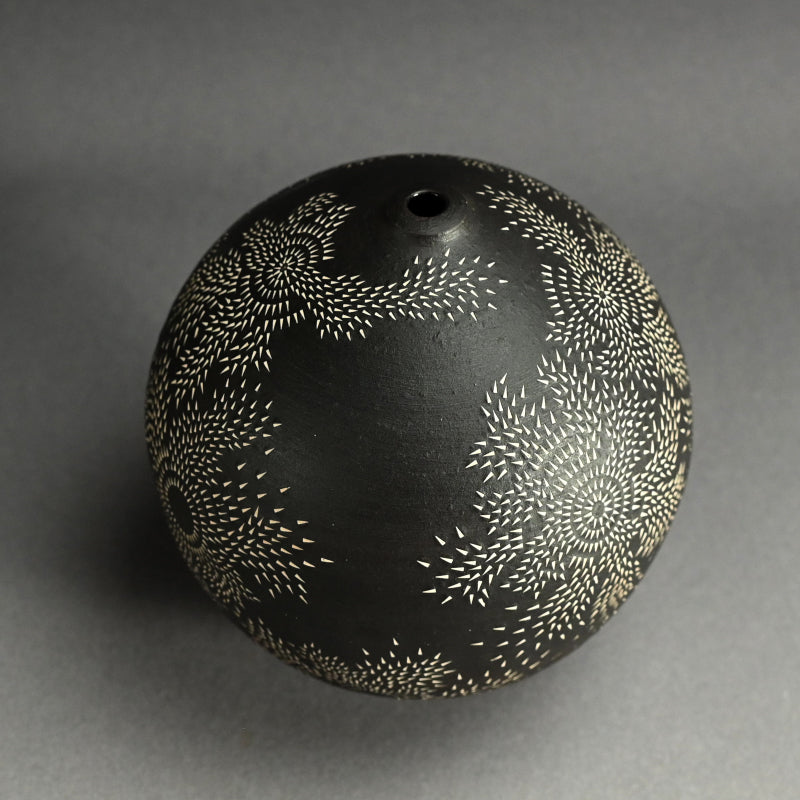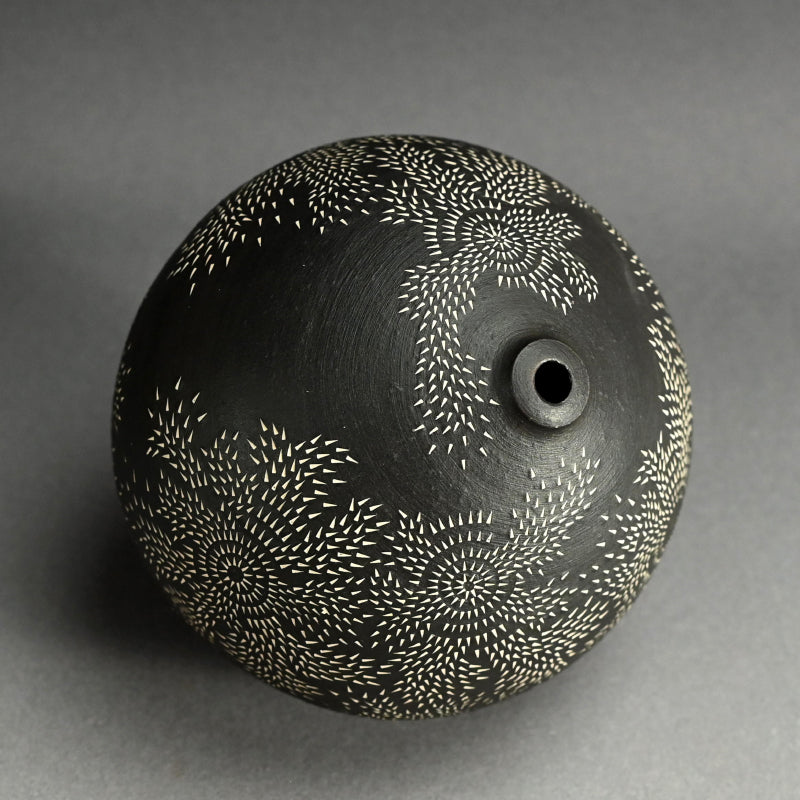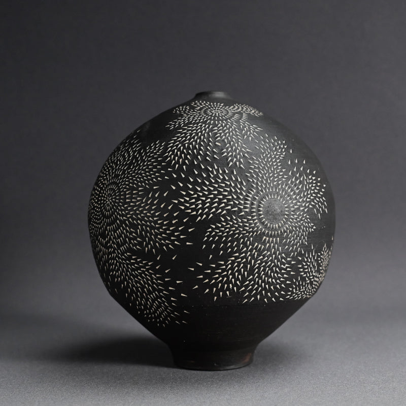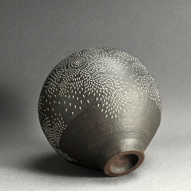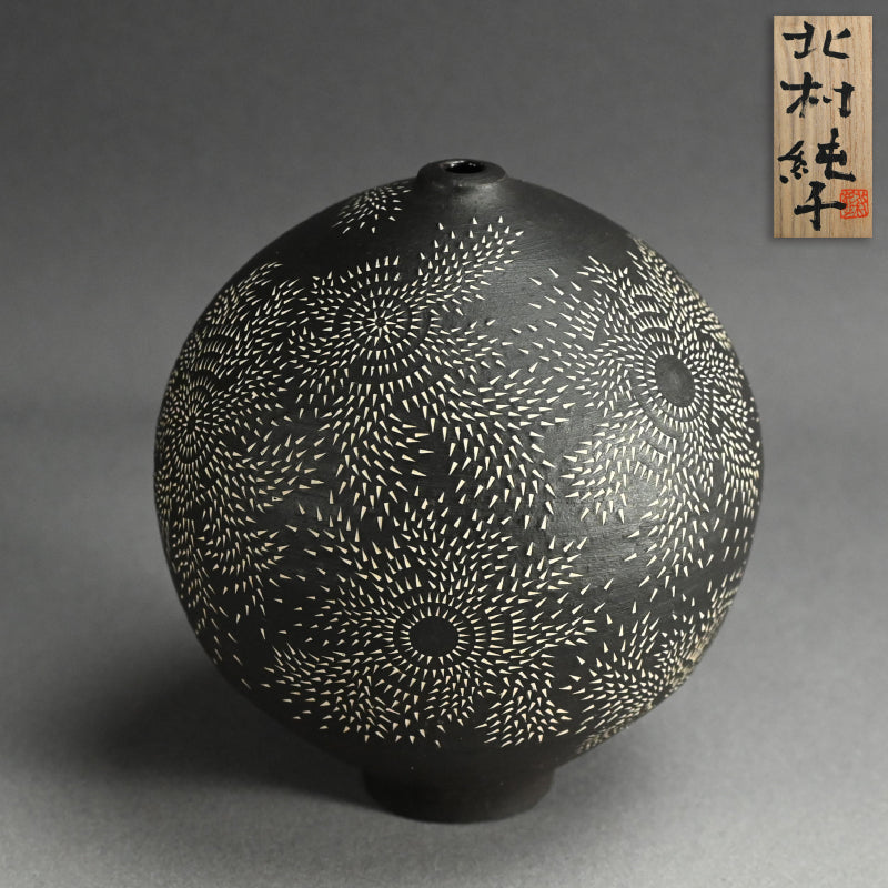 Kitamura Junko (b. 1956, Kyoto) is a celebrated contemporary Japanese ceramic artist known for her intricate slip-inlay decoration inspired by 15th-century Korean Buncheong ware. A graduate of Kyoto City University of Art, where she studied under Suzuki Osamu and Kondō Yutaka. Like Mashiko artist Shimaoka Tatsuzo, her work is influenced by Jomon pottery, however her approach is very different. She employs a hand-carved bamboo tool to impress delicate geometric and dot patterns into dark stoneware, inlaying them with creamy white slip to create luminous, textile-like surfaces. The daughter of an abstract painter, Kitamura blends painterly sensibility with rigorous craftsmanship, producing vessels of refined form and mesmerizing detail. Works by the artist are held in many public collections, including the National Museum of Modern Art, Tokyo; the Boston Museum of Fine Arts, British Museum, Brooklyn Museum of Art, Houston Museum of Art, New York Metropolitan Museum of Art, Musée Guimet in Paris and San Francisco Asian Art Museum among many others.
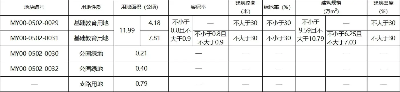 指标控制:基础教育用地容积率不小于0.8且不大于0.9,建筑密度不大于30%,绿地率不小于30%,建筑限高30米。
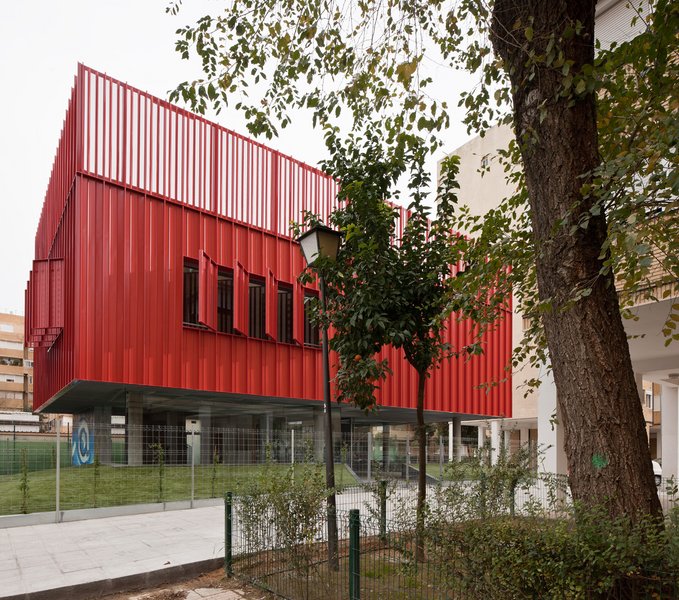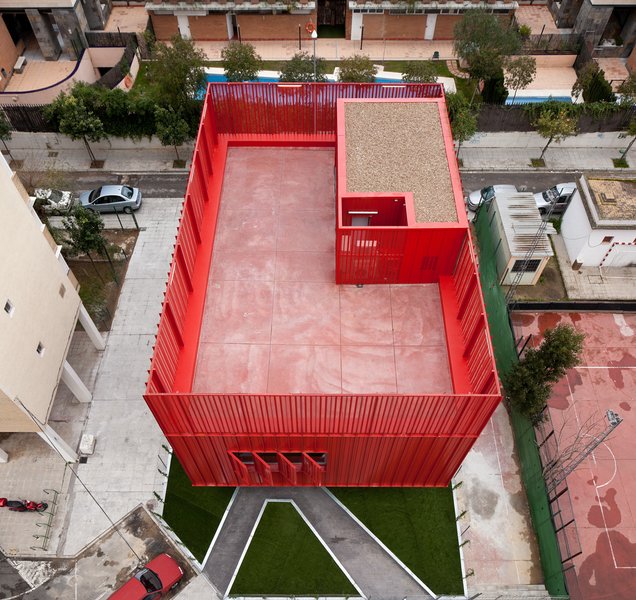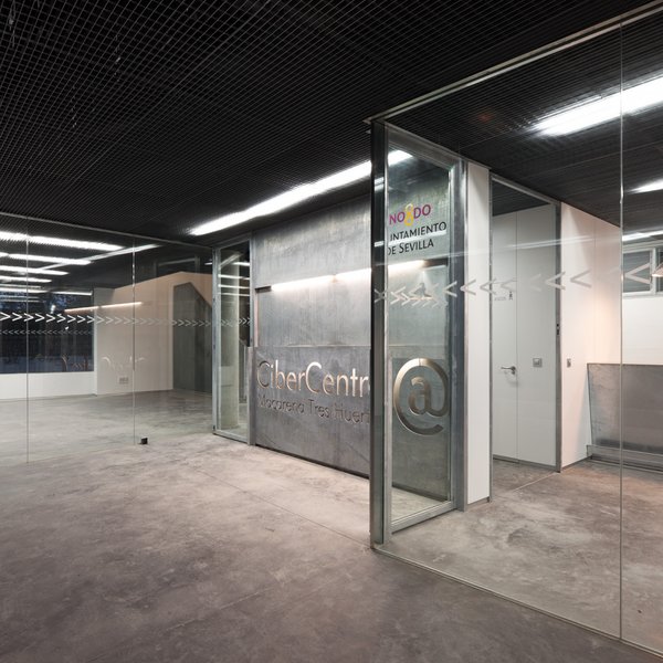 Los arquitectos de Mediomundo diseñaron un centro cívico en la ciudad de Sevilla, que debía ser pensado como lugar público y de encuentro, pero especialmente como espacio de conexión virtual a través de internet. Se decidieron por tanto, en traducir esta conectividad al espacio físico: por dentro el cibercentro es amplio y no cuenta más divisiones que las existentes entre los diferentes pisos, y culmina en una azotea al aire libre que permite visualizar la ciudad; por fuera, grandes vanos reciben al visitante en la parte inferior, y una fachada de chapa roja proteje los pisos superiores, donde se encuentran las salas de computación y talleres.
----
PROMPT:
Exclude the images and reproduce the remaining data exactly.

WRITTEN RESPONSE:
 Kitamura Junko (b. 1956, Kyoto) is a celebrated contemporary Japanese ceramic artist known for her intricate slip-inlay decoration inspired by 15th-century Korean Buncheong ware. A graduate of Kyoto City University of Art, where she studied under Suzuki Osamu and Kondō Yutaka. Like Mashiko artist Shimaoka Tatsuzo, her work is influenced by Jomon pottery, however her approach is very different. She employs a hand-carved bamboo tool to impress delicate geometric and dot patterns into dark stoneware, inlaying them with creamy white slip to create luminous, textile-like surfaces. The daughter of an abstract painter, Kitamura blends painterly sensibility with rigorous craftsmanship, producing vessels of refined form and mesmerizing detail. Works by the artist are held in many public collections, including the National Museum of Modern Art, Tokyo; the Boston Museum of Fine Arts, British Museum, Brooklyn Museum of Art, Houston Museum of Art, New York Metropolitan Museum of Art, Musée Guimet in Paris and San Francisco Asian Art Museum among many others.
 指标控制:基础教育用地容积率不小于0.8且不大于0.9,建筑密度不大于30%,绿地率不小于30%,建筑限高30米。
 Los arquitectos de Mediomundo diseñaron un centro cívico en la ciudad de Sevilla, que debía ser pensado como lugar público y de encuentro, pero especialmente como espacio de conexión virtual a través de internet. Se decidieron por tanto, en traducir esta conectividad al espacio físico: por dentro el cibercentro es amplio y no cuenta más divisiones que las existentes entre los diferentes pisos, y culmina en una azotea al aire libre que permite visualizar la ciudad; por fuera, grandes vanos reciben al visitante en la parte inferior, y una fachada de chapa roja proteje los pisos superiores, donde se encuentran las salas de computación y talleres.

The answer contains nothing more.